Saturday 23 April 2011

Thursday 21 April 2011

THE HEALING PROCESS

Yesterday, I went on my first date in three months. It may seem like nothing special to you, but for me, it was like a breath of fresh air. Let me explain; exactly three months ago, I took a bold step in my life and ended a three year relationship. Before then if someone had walked up to me and said “hey, someone broke my heart”, I would have gone “Big deal, get over yourself”. But truth be told the taste of the pudding really is in the eating.
For two whole weeks I stay home all day by my self and at night I would cry myself to sleep. When my friends came a calling, I would give an excuse not to go out then cry some more. Later on, I would go out and whenever the issue of men or relationships arose, I would dismiss it with such bitter statements as “he was a jerk anyway”, “it’s his loss not mine” or “men are such idiots”. I thanked God that my friends didn’t blame or argue with me at the time. They knew I was in emotional pain and shouldn’t be held accountable for my words.
At a party one evening, my friends introduced me to pretty, young banker named Charlene*. I couldn’t help but notice that she kept saying this guy is cute and that guy is checking me out. When the men came along, she was totally at ease with them. I asked my friends about her and they told me she just went through a bitter divorce with her husband which left her in partial custody of her three year old boy. I felt sorry for her and when she came back to the table I held her hand and said comfortingly, “it’s not you dear, men are all trash.” “No they are not” she replied matter-of-factly,”You’ve got to heal yourself.”
Later that night as I lay in my bed, unable to sleep, I started thinking about the healing process. According to Charlene*, the healing process was a way to positively get rid of your hurt and feel better about yourself. Easy for her to say, I thought to myself indignantly, she didn’t know what I had been through. But, I knew she was so right.

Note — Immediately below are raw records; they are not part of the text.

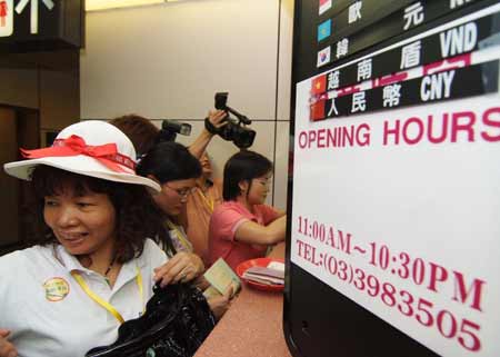 兩岸周末包機(jī)啟動(dòng),大陸赴臺(tái)觀光首發(fā)團(tuán)四日揭幕,第一團(tuán)從廣東出發(fā)的旅客在抵臺(tái)桃園機(jī)場(chǎng)時(shí),立刻兌換新臺(tái)幣。 “中央社”圖
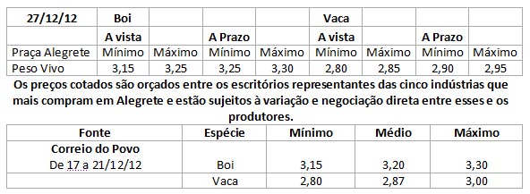 Os preços vigentes no mercado agropecuário desta semana atingiram as seguintes cotações médias:
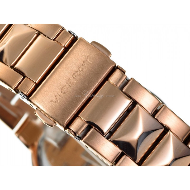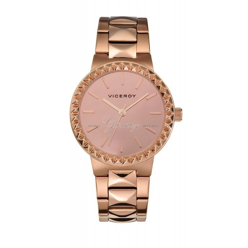 Reloj de señora Viceroy con movimiento de cuarzo analógico. Caja de acero redonda con tramiento IP rosa, esfera, números y agujas con tratamiento IP rosa, cristal mineral. Pulsera de acero con tratamiento IP rosa. W.R. 50m
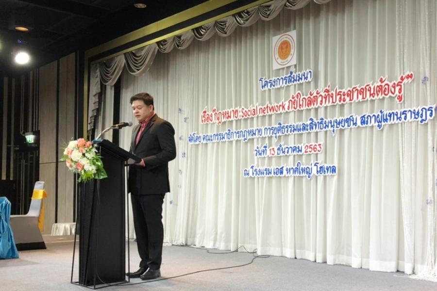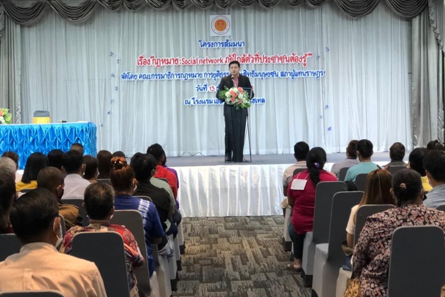 ในพิธีเปิดการสัมมนาเรื่อง กฎหมาย : Social Network ภัยใกล้ตัวที่ประชาชนต้องรู้ เพื่อให้ผู้เข้าร่วม
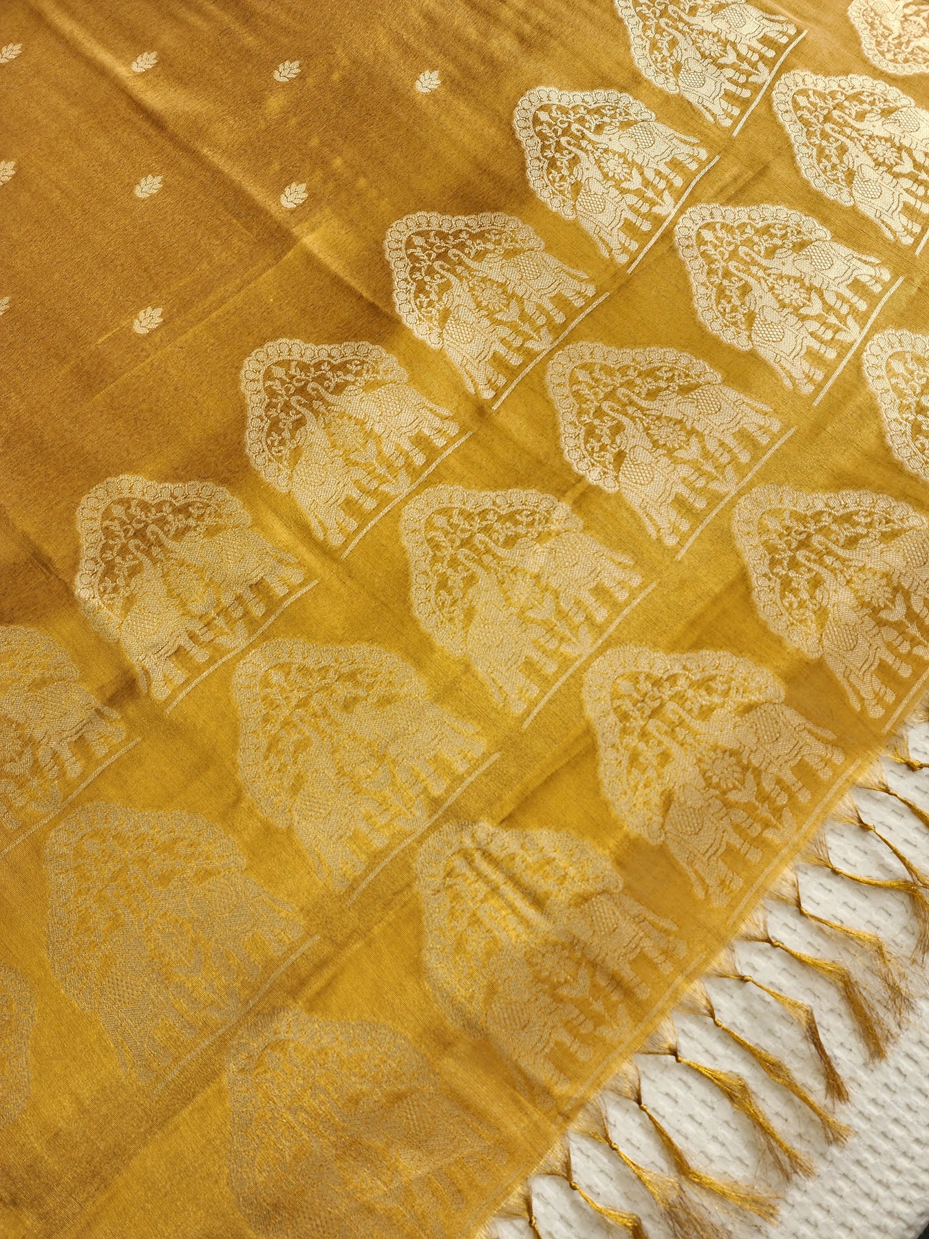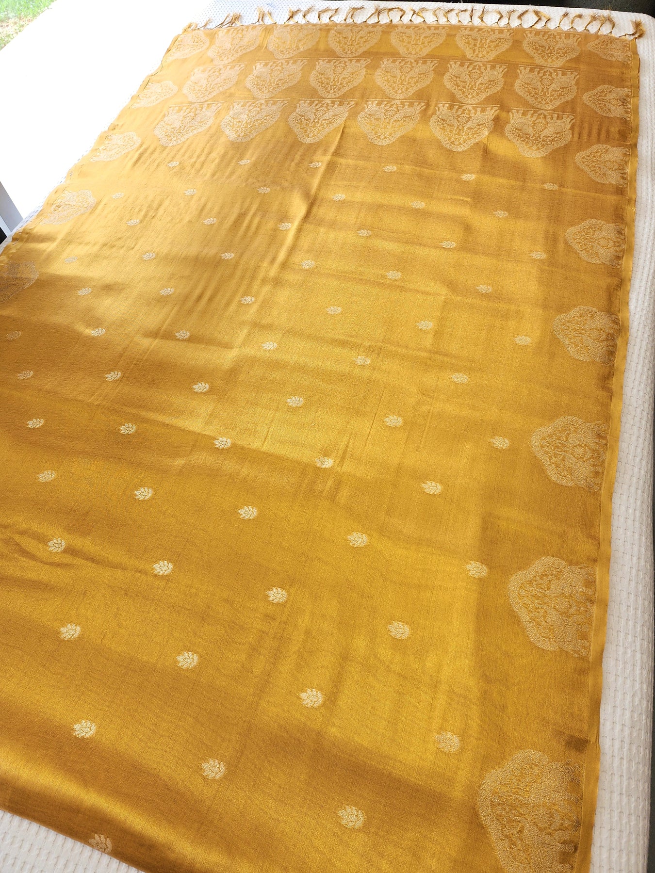 Dual Toned Yellow Tissue Saree with Woven Borders
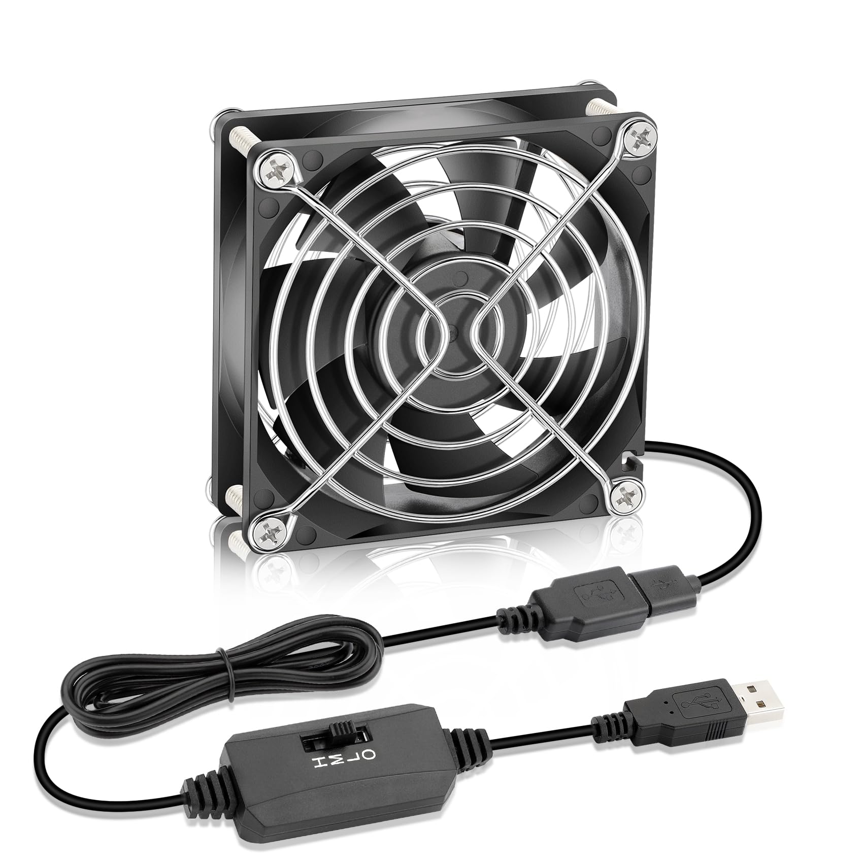 80mm Small Computer Fan with Speed Controller, Cooling for Gaming PC, Modem, Cabinet, Terrarium, Greenhouse
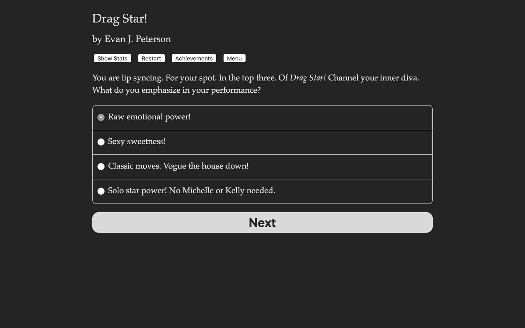 Get ready, honey! You're a contestant on Drag Star!, the reality TV drag competition. You better throw shade, serve looks, and slay each episode to become the next drag icon!
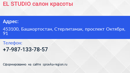 EL STUDIO, салон красоты по адресу 453100, Башкортостан, Стерлитамак, проспект Октября, 91 в дальнейшем Организация, размещена в следующих категориях:
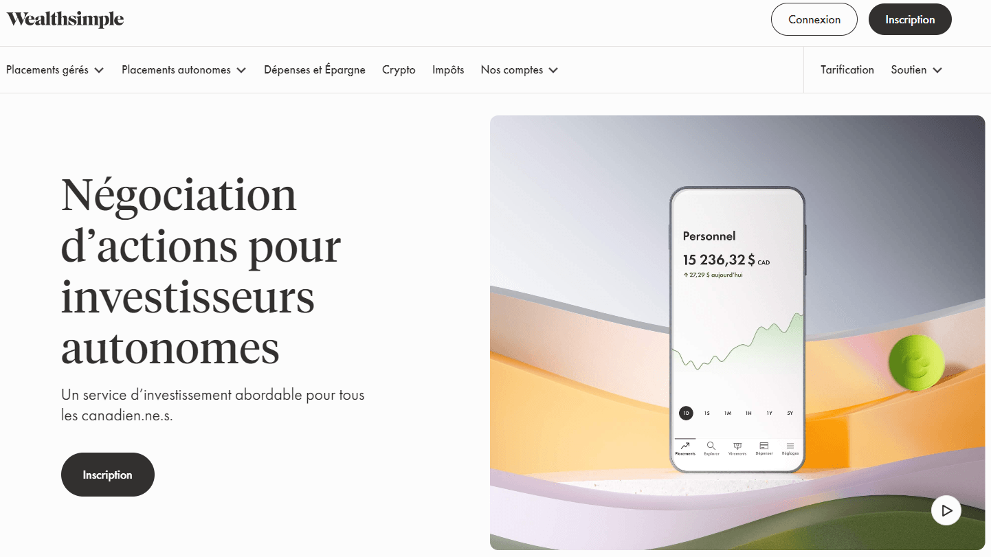 Wealthsimple placements autonomes est une application de courtage en ligne qui démocratise l’investissement au Canada. Contrairement aux courtiers traditionnels, elle permet d’acheter et de vendre des actions et des FNB sans commission. Accessible depuis une application mobile intuitive, Wealthsimple placements autonomes séduit autant les débutants que les investisseurs expérimentés. Grâce à sa simplicité d’utilisation et à ses faibles coûts, la plateforme est devenue une option incontournable pour investir de manière autonome et bâtir son patrimoine à votre rythme.
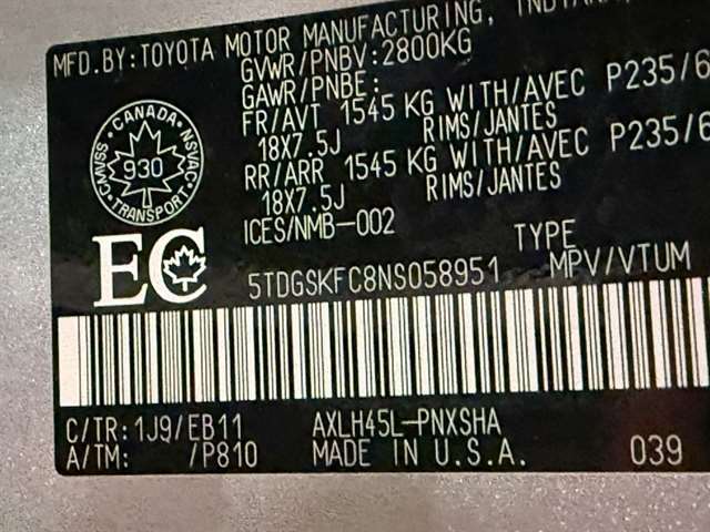 | VIN | 5TDGSKFC8NS058951 |
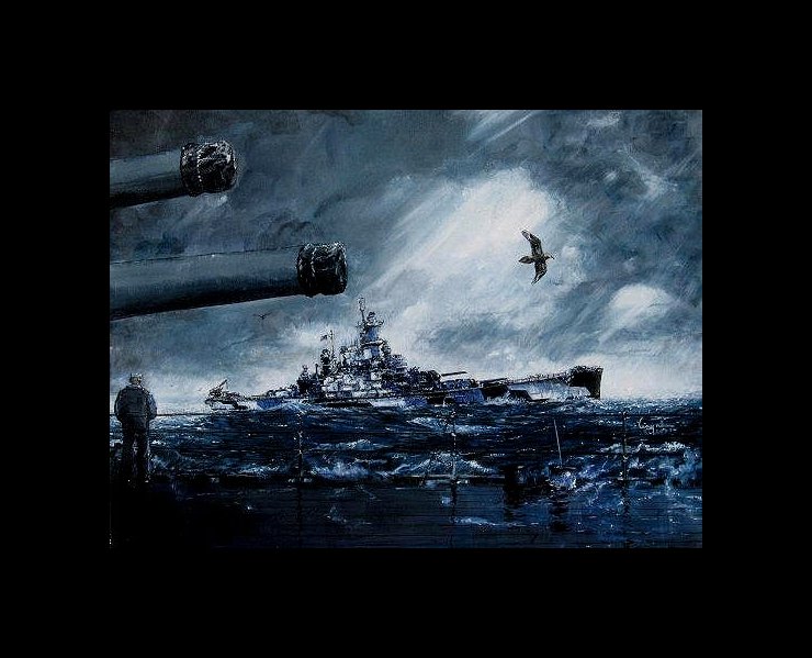 USS Indiana BB58 wearing Measure 32/18d camouflage weathering a squall in 1944
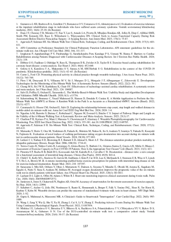 Статья: ПРИМЕНЕНИЕ ДИСТАНЦИОННОГО ТЕСТА С ШЕСТИМИНУТНОЙ ХОДЬБОЙ В КАРДИОРЕАБИЛИТАЦИИ: ОБЗОР (2025)
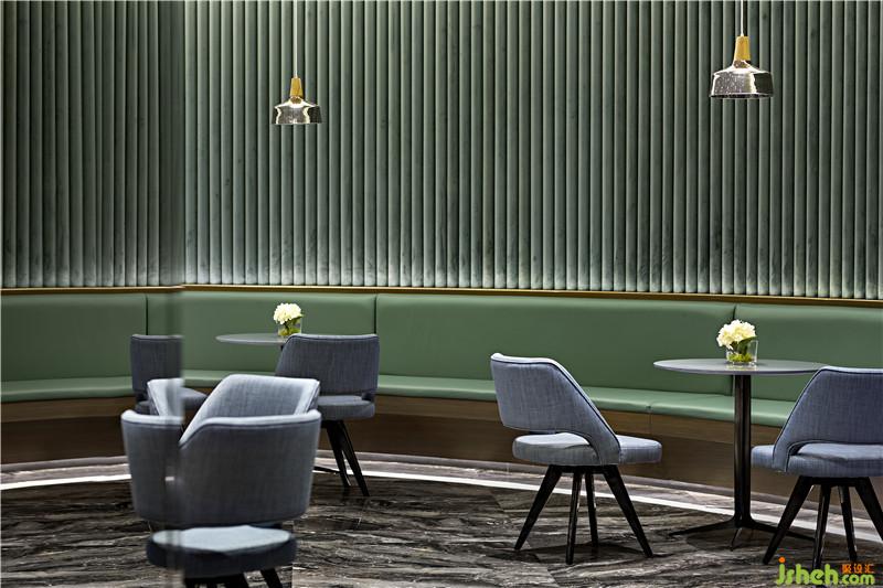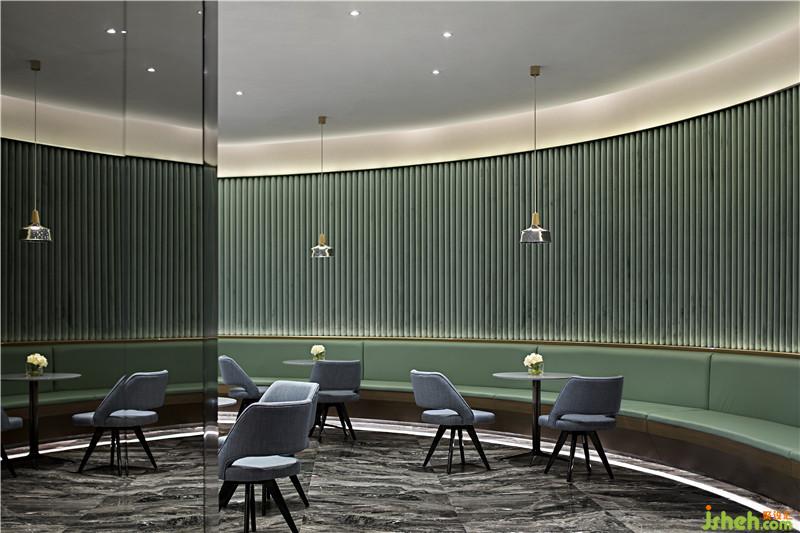 步入咖啡廳,設(shè)計(jì)師運(yùn)用綠色與藍(lán)色,隱喻山與海,在現(xiàn)代建筑中營造自然的氛圍。舒適田園是掙脫現(xiàn)實(shí)的一畝良田,喚醒人們對生活本真面貌的追求。室內(nèi)設(shè)計(jì)師

In my case, it wasn’t just letting go, it was the fear that I may never find another person like my ex. I briskly got out of bed and sat at my reading table, it was time to go to work on my emotional pain. I felt the tears painfully welling up in my eyes as I titled the sheet of paper; FIVE GREAT THINGS I LOVE ABOUT MY EX. Then I started writing, the way you smile and spread your arms when we meet……
Thirty minutes later, I had filled the first page with beautiful thoughts as well as my tears. I had a smile on my lips as I kept thinking; this IS much harder than I thought. I held up the paper that was now numbered 1 to 10 and after a brief moment, put it away. I drew another sheet and titled it; FIVE GREAT THINGS I LOVE ABOUT ME. I finally had to stop myself over an hour and two sheets later. The tears were gone and I even had on a satisfied smile.
As I returned from my date yesterday, I looked at my image in the mirror and smiled to myself. Although some part of my face was covered by two sheets of paper that bore my handwriting, I knew that letting go of my hurt was all the beauty treatment I needed.